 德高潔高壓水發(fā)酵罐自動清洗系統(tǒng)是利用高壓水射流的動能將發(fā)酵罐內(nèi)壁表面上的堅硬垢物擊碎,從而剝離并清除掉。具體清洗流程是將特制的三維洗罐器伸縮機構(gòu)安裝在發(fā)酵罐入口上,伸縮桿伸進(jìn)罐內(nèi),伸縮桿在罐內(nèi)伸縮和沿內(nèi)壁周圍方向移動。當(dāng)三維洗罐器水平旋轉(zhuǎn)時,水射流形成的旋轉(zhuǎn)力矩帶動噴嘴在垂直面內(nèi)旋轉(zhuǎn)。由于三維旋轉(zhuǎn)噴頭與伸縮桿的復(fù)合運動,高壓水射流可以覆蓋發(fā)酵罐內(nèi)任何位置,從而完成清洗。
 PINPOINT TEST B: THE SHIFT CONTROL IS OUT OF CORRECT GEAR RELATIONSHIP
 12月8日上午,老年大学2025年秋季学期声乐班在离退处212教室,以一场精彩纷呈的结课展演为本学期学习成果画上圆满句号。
==
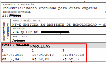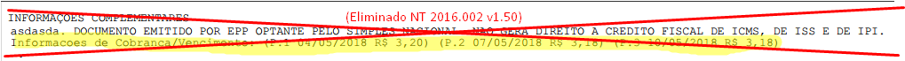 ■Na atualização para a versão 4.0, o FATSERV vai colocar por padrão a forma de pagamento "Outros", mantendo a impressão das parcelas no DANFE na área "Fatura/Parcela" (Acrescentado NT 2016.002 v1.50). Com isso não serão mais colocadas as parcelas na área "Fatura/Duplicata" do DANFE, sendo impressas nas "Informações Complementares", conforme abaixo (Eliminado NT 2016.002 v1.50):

WHAT YOU WILL DO
The response should hold exactly the lines starting at the line with "德高潔高壓水發(fā)酵罐自" and ending at the line with "12月8日上午,老年大学20", and no other line of the material above.

EXERCISE SOLUTION
 德高潔高壓水發(fā)酵罐自動清洗系統(tǒng)是利用高壓水射流的動能將發(fā)酵罐內(nèi)壁表面上的堅硬垢物擊碎,從而剝離并清除掉。具體清洗流程是將特制的三維洗罐器伸縮機構(gòu)安裝在發(fā)酵罐入口上,伸縮桿伸進(jìn)罐內(nèi),伸縮桿在罐內(nèi)伸縮和沿內(nèi)壁周圍方向移動。當(dāng)三維洗罐器水平旋轉(zhuǎn)時,水射流形成的旋轉(zhuǎn)力矩帶動噴嘴在垂直面內(nèi)旋轉(zhuǎn)。由于三維旋轉(zhuǎn)噴頭與伸縮桿的復(fù)合運動,高壓水射流可以覆蓋發(fā)酵罐內(nèi)任何位置,從而完成清洗。
 PINPOINT TEST B: THE SHIFT CONTROL IS OUT OF CORRECT GEAR RELATIONSHIP
 12月8日上午,老年大学2025年秋季学期声乐班在离退处212教室,以一场精彩纷呈的结课展演为本学期学习成果画上圆满句号。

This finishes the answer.